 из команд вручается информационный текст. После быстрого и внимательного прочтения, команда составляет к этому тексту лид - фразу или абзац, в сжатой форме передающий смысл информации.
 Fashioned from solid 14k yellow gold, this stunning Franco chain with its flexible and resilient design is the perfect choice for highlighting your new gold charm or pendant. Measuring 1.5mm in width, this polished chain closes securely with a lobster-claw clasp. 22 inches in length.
# # # #
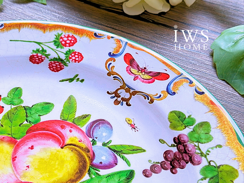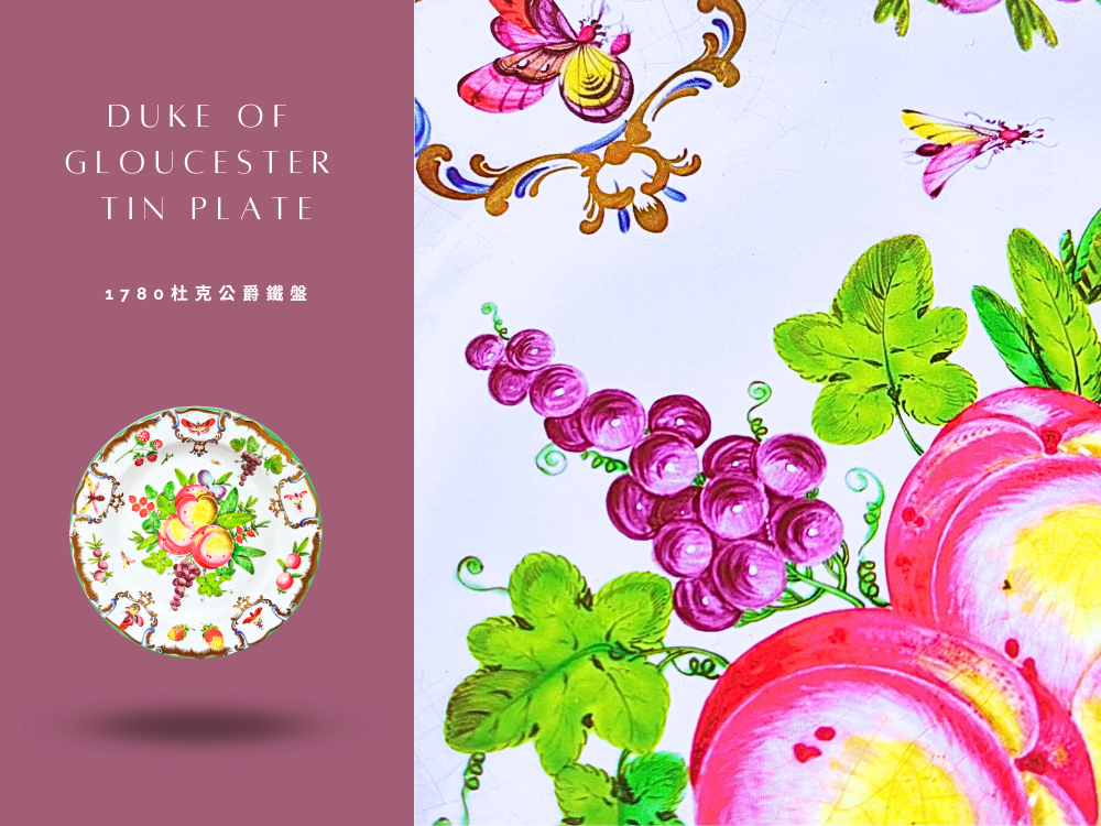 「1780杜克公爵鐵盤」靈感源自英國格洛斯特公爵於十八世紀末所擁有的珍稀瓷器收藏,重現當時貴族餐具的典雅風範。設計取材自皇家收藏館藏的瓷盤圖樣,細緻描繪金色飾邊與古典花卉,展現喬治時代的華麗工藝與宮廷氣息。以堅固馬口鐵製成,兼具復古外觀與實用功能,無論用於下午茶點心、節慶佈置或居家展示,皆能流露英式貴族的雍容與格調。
# # # #
Work task
Within the material above, output exactly the lines from the one with "из команд вручается" through the one with "Fashioned from solid", end lines included, and nothing besides.

Your response
 из команд вручается информационный текст. После быстрого и внимательного прочтения, команда составляет к этому тексту лид - фразу или абзац, в сжатой форме передающий смысл информации.
 Fashioned from solid 14k yellow gold, this stunning Franco chain with its flexible and resilient design is the perfect choice for highlighting your new gold charm or pendant. Measuring 1.5mm in width, this polished chain closes securely with a lobster-claw clasp. 22 inches in length.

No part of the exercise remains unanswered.